During the recent recession, many District of Columbia residents had difficulty paying their credit card debt. This has led to some aggressive methods of debt recovery, so it is important for consumers to be aware of the statute of limitations on their debt and understand their rights under the federal Fair Debt Collection Practices Act.

The statute of limitations for receiving a court order to collect a debt is three years from the date of the last payment in Washington, D.C. However, consumers should understand that this doesn't preclude debt collectors from attempting to collect the debt using other methods such as mail and phone calls as long as they follow the rules outlined by federal law, which include not harassing or threatening the consumer. Consumers also need to be aware that even the smallest payment can reset the clock on the statute of limitations.
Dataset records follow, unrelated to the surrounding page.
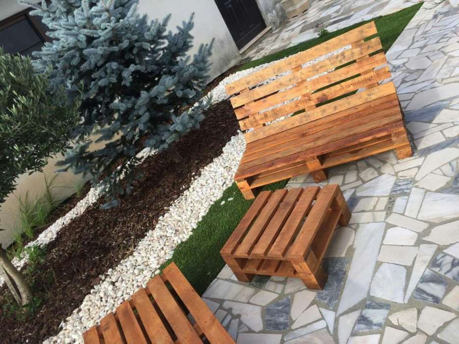 mesa com cadeiras jardim em Móveis
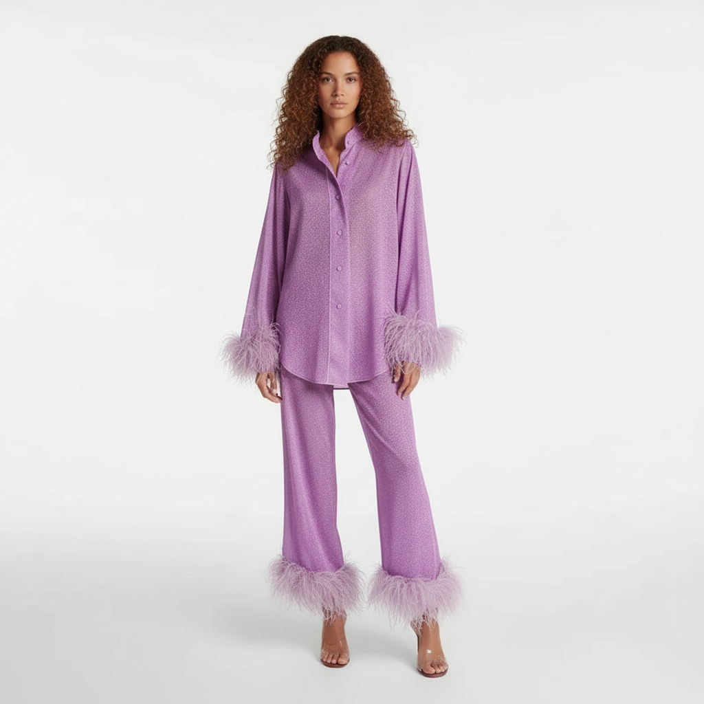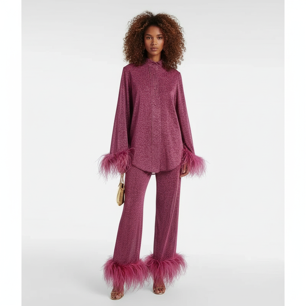 Stap in de schijnwerpers met deze adembenemende tweedelige set van Dea Studios. Gemaakt van een luxueuze, sprankelende synthetische mix, is deze outfit ontworpen om je een onvergetelijke indruk te laten maken. De set combineert een loszittend, langhemd met een klassieke kraag en wijde mouwen met een comfortabele, wijde broek. Beide items zijn verfraaid met speelse, zachte veren die een vleugje glamour en beweging toevoegen aan elke stap die je zet.
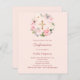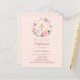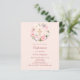 A soft pink blush colored background, decorated with watercolored pink and white flowers in a wreath and a golden cross. Personalize and add a name and details.
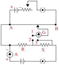 A potentiometer circuit is set up as shown. the potential gradient, across the potentiometer wire, is k volt/cm and the ammeter, present in the circuit reads 1.0 A when two way key is switched off. The balence points, when the key between the terminals (i) 1 and 2 (ii) 1 and 3, pluggedin, are found to be at lengths l1 cm and l2 cmrespectively. The magnitudes, of the resistors R and X, ohm, are then, equal, respectively, to
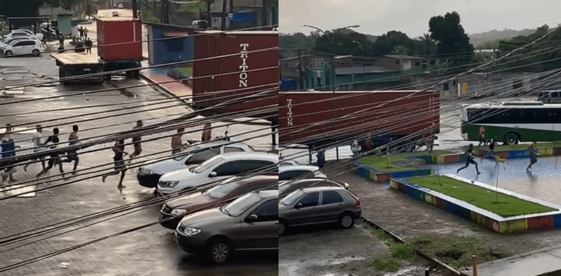 Em imagens que circulam nas redes sociais e foram gravadas por moradores do entorno do local, é possível observar o momento em que os adolescentes, alguns deles portando armas brancas, arrombam um dos portões que dão acesso ao local.
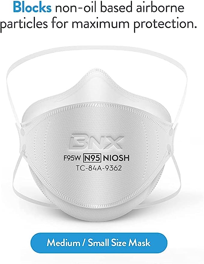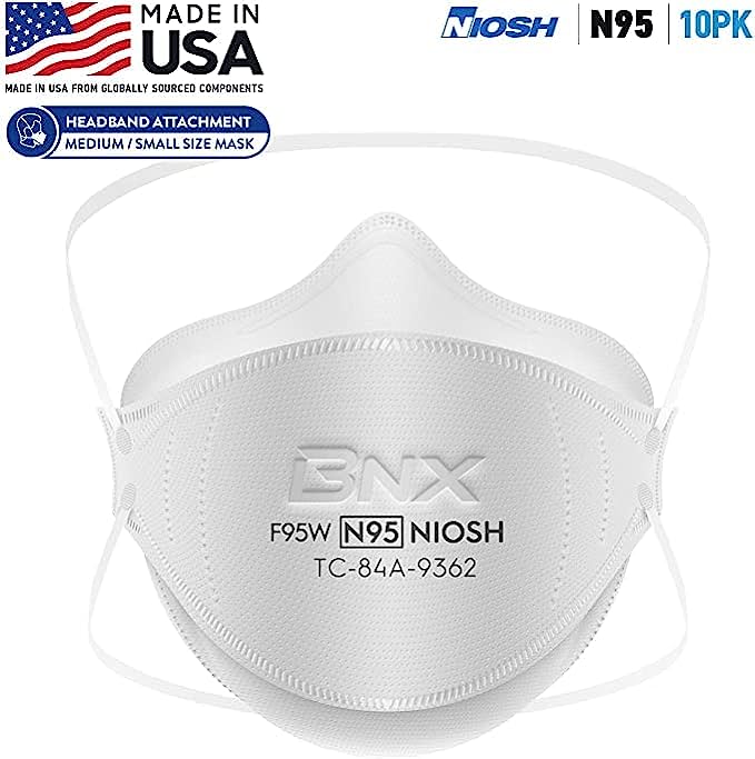 BNX N95 Mask NIOSH Certified MADE IN USA Particulate Respirator Protective Face Mask, Tri-Fold Cup/Fish Style, (10-Pack, Approval Number TC-84A-9362 / Model F95W) White

It's also important for consumers to be aware that the majority of major card issuers name the state whose laws govern their agreements. For example, Citibank uses South Dakota law which allows a debt to be collectible by court order for six years, which is a longer period that is contained in the statute of limitations in many other states.

It is vital for consumers to understand their rights when it comes to debt collection. There are cases where the time for a creditor to legitimately demand a judgment has passed, so a consumer should be proactive and attend the court hearings. If a consumer successfully proves that the debt is no longer collectible, the court will, in most cases, not issue a judgment in favor of the creditor.